Rausch, who lives in Harpers Ferry, W.Va., tried to stay a half-mile outside the 8-mile perimeter that gusty October day. However, a Federal Aviation Administration pilot deviation report alleges that he was "about one mile inside."

Pilots entered the expanded no-fly zone over Camp David at least 60 times between Sept. 11, 2001, and Jan. 27, 2002, according to FAA reports.

The Associated Press reported that America's six prohibited flight zones were violated at least 567 times between Sept. 11 and March 5. Camp David is the center of one of the six zones.

The P-40 no-fly zone, which is directly over Camp David, has a horizontal radius of eight miles. It usually extends 3,000 feet into the air, said Jim Peters, an FAA spokesman in New York.

Also, the radius is usually measured in nautical miles, he said. A nautical mile is about 6,076 feet. A statute mile is 5,280 feet.

In mid-January, The Herald-Mail filed a Freedom of Information request for all Hagerstown-area airspace violation reports since Sept. 11. The FAA released the reports in early March after blacking out whether violators were cited and all information about the pilots other than their names, certificate numbers and, in a few cases, their home bases.

The reports indicate that airspace violations were usually resolved when the control tower contacted the pilot in the air or another official reached the pilot after he had landed.

In about five cases, military jets may have been put on alert or called in to intercept the pilot or find out a tail number, as happened to Rausch.

"F-16 will intercept ...," a report for a Dec. 10 incident states. "No communications with the aircraft."

In that instance, the report says, the pilot had apparently violated the R-4009 airspace. The R-4009 is above and around the P-40 zone, Peters said.

"A track was started and a fighter intercept was called," a Nov. 9 report says.

Another pilot helped get the tail number.

"An active scramble was initiated," a Dec. 23 report says, referring to fighter jets getting ready.

The FAA did not provide reports on two incidents previously confirmed by Hagerstown Regional Airport Manager Carolyn Motz, both involving fighter jet patrols.

In November 2001, two military jets flew near a single-engine plane whose pilot was practicing takeoffs and landings just outside the no-fly zone.

In January 2002, a military jet intercepted a plane that flew into restricted airspace over Camp David and forced it to land at the airport.

A few FAA reports quote pilots who said they didn't know the no-fly zone had widened.

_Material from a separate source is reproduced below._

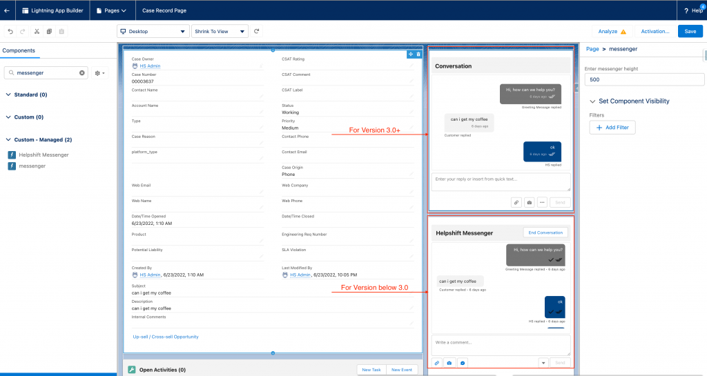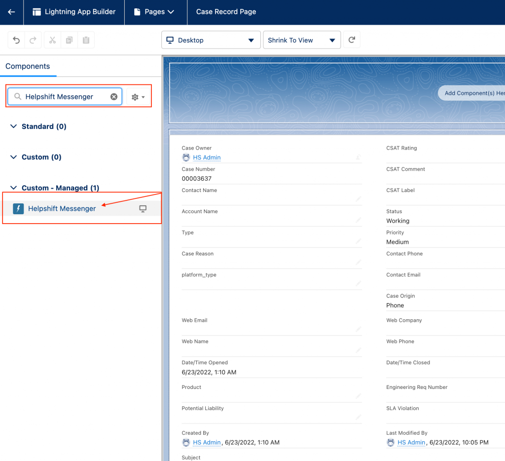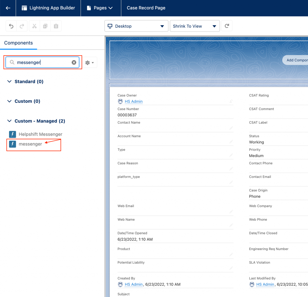 Helpshift Messenger allows Agents to work on Helpshift Messages right from the Service Cloud console. The steps below outline how the Salesforce Admin can add the messenger to the Case Layout.
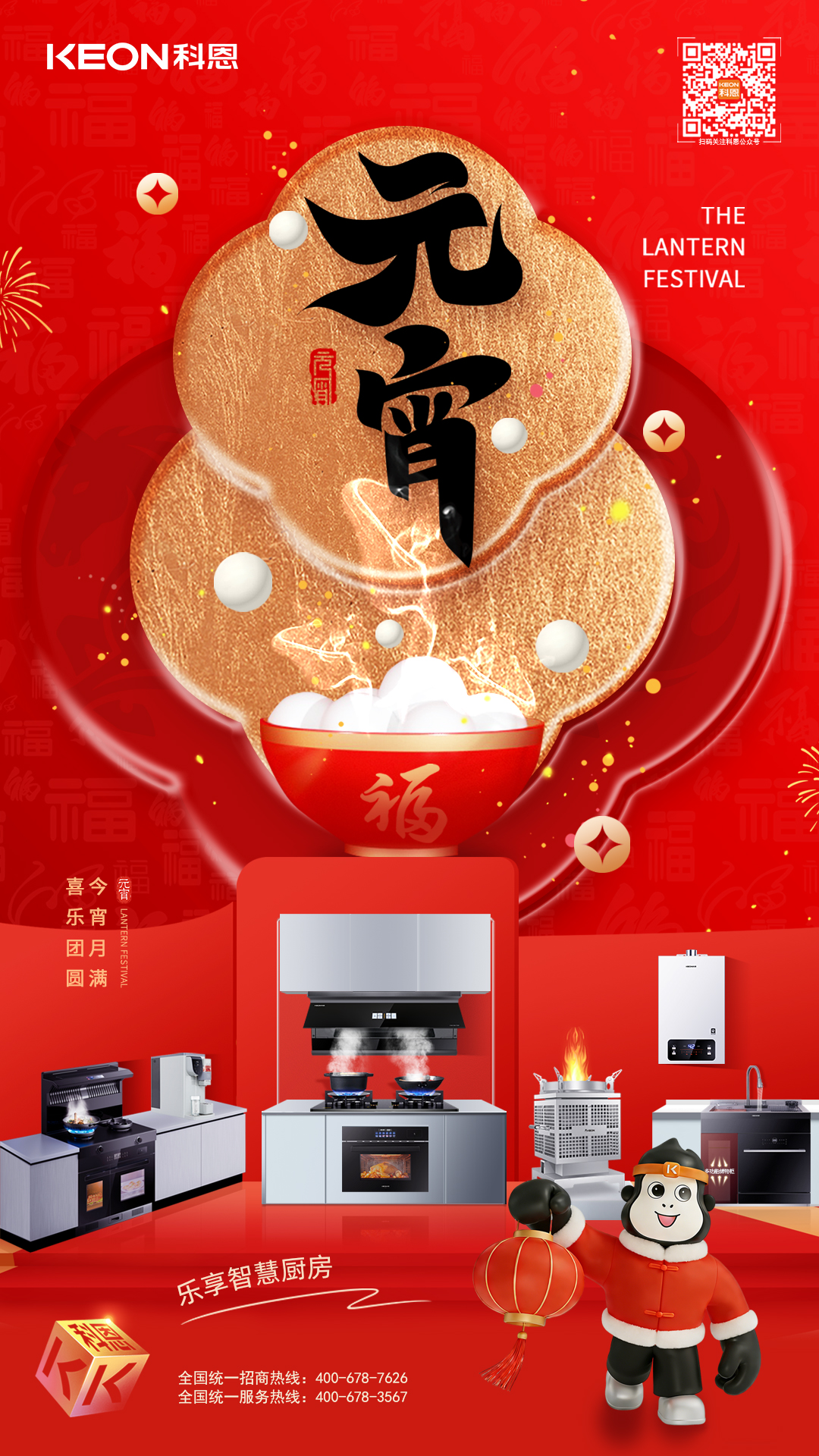 從無煙烹飪到恒溫熱水,科恩廚電以科技賦能生活,用細節守護團圓。這個元宵,打造健康、安全、舒適的廚房環境,讓你在煙火繚繞中自由呼吸,在美味佳肴中品味團圓,共度圓滿元宵!

On Sept. 21, a pilot from Georgia flew over Hagerstown on his way to Morristown, N.J. He veered into the restricted zone as he changed course toward Lancaster, Pa.

"Pilot said he was unaware that P40 had been increased ...," a report states.

An Oct. 8 report on a Delaware pilot reads, "Airman does not believe briefer told him of the enhancement of the P-40 from 3-mile radius to 8-mile radius."

Two other pilots reported similar problems about a week later.

Peters said pilots are responsible for knowing about restrictions as they travel.

Before they fly, pilots call for Notices to Airmen, or NOTAMs, which are updates about flying conditions. Pilots can't assume they will get the NOTAMs they need; they must ask for them, Peters said.

Still, in one case, asking was not enough.

On Oct. 18, Lynn Hall of Isleboro, Maine, contacted his local control tower for NOTAMs and was told there were none. He was headed to Knoxville, Tenn., the next day.

Hall persisted, but was told again that there weren't any, he recalled during a telephone interview Friday.

The next day, as he took to the air after a stop in Altoona, Pa., Hall plotted his course. Suddenly, an air traffic controller said he was in a restricted place.

In his Cessna 182, Hall stayed out of the 3-mile zone, which he knew about, but not the 8-mile zone, which he didn't know about.

Hall said he was exonerated because his failed attempt to get the NOTAM he needed was recorded on tape.

Rausch, of Harpers Ferry, made light of his encounter with a fighter jet. He made up a T-shirt that says: "I got intercepted by an F-15 and all I got was a lousy interview with a Secret Service agent."

That's not what his FAA report says.

"He was identified by an F-16 who was vectored in. ... F-16 broke off and pilot continued to his destination. FBI called pilot after landing to discuss the incident."

Told about this, Rausch wasn't fazed. He said he's not changing his T-shirt.